В последний момент, по дороге в аэропорт, в автобусе объявился добрый знакомый и поведал, как его обыскивали украинские таможенники, чтобы проконтролировать ввозимые доллары, так что укажи, советовал он, в декларации наличие валюты точнейше. “Ты деньги как везёшь? - заботливо спрашивал он. - Надо в носке со специальным карманчиком”. А у меня ни носка того, ни кошелька нательного, какие носят под бельём, и надо в самолёте (где? в грязном туалете запершись?) пересчитать доллары, поскольку мне кое-кто поручал передать бедствующим украинским ближним конвертики с зелёненькими десятками-двадцатками, и я их совал в сумку, не глядя.
Всё или почти всё вышло по-другому. Никаких очередей ни за визой, ни за билетом.
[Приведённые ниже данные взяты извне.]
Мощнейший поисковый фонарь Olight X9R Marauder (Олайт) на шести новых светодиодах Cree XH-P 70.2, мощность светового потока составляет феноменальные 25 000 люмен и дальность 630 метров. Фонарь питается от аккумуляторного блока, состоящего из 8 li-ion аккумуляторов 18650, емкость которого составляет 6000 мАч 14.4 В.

Самолёт дешёвой компании “Аэросвит” был новый “Боинг”, сверкал стерильно и летел, как по рельсам катил, ни дребезга. Ловкие и красивые стюарды толкали по проходу тележку с таким набором дармового питья, что, ошалев от бесплатности коньяка, я выбрал себе минеральную воду. Туалет был чист, исправен, и пахло дезодорантами. Но и в такой утайке разыгрывать Скупого рыцаря, перебирающего деньги, душа брезговала; я пересчитал свои запасы на месте, в салоне и потом, уже в Одесском аэропорту дотошно указал в декларации, согласно требованиям её разделов, контролируемое при ввозе добро: тысячу девятьсот тридцать шесть долларов, печатные издания - две книги, электронные приборы - диктофон.
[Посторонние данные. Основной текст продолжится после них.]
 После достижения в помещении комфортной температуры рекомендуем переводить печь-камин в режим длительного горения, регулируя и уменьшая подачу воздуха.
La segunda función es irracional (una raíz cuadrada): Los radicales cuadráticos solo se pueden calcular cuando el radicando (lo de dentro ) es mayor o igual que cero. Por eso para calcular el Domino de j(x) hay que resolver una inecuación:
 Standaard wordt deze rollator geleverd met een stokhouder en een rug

Чернобровая дивчина в ладном кителе таможни, наверно, тешась моей наивностью, книги и диктофон просто вычеркнула как недостойную мелочь, по цифре долларов только скользнула глазом, чарующим, но и дежурным, пересчитывать их она, похоже, не собиралась. И вышел я в чистое бабьелетнее одесское утро, в заждавшиеся объятия родни, прореженной за годы разлуки сквозняками эмиграции и, страшней того, смертями - воспоминания мяли сердце, корёжа душу и одновременно множа радость встречи. И в машине, утомлённой долгим опытом лет и дорог, покатили мы в Одессу двадцать первого столетия, 60 лет после моего детства и после войны.
Тот город полувековой давности растаял, как имперский Рим, Китеж-градом ушёл в легенды, в книги, ТВ и Интернетом затоптанные: как ни трудились Жаботинский, Паустовский, Бабель с Ильфом, Куприн с Катаевым - пропала экзотическая Одесса, затерялась в чужбинах. Только вспыхивают там-сям искры прежнего безудержного одесского острословия: в израильском Ашдоде услышится: “Как ему хорошо - так ему и надо”; на Брайтон-Бич торговка книгами (из морщин неистовый глаз, безудержный грим бровей и губ, шляпка с цветочком, охваченная пузырём плёнки от осенней сырости) говорит покупателю: “Шо вы так перебираете товар? Книга не рыба, не портится...”; в особо евреелюбивой Германии вздохнёт старик с Канатной, бывшей Свердлова улицы: “Здесь таки да кушают вкусно, но культура?! Три тысячи километров от Одессы, откуда в этой глуши культура?!”
Рассеялась по миру Одессщина. Но и метрополия черноморская ещё теплит душу живу. Город против ожидания чист, запахами разит не наповал, оштукатуренные фасады дышат художеством лучших лет Европы, улицы - зелёные туннели, когда-то одна Пушкинская этим восхищала, а сегодня новые улицы, вдвое шире, зеленеют пышнее её. Сверкают витрины универмага и супермаркета, шевелится торговлишка в малых магазинчиках, нередко продавцы стараются быть приветливы. Прохожие не менее прежнего говорливы и веселы, женщины легки и улыбчивы.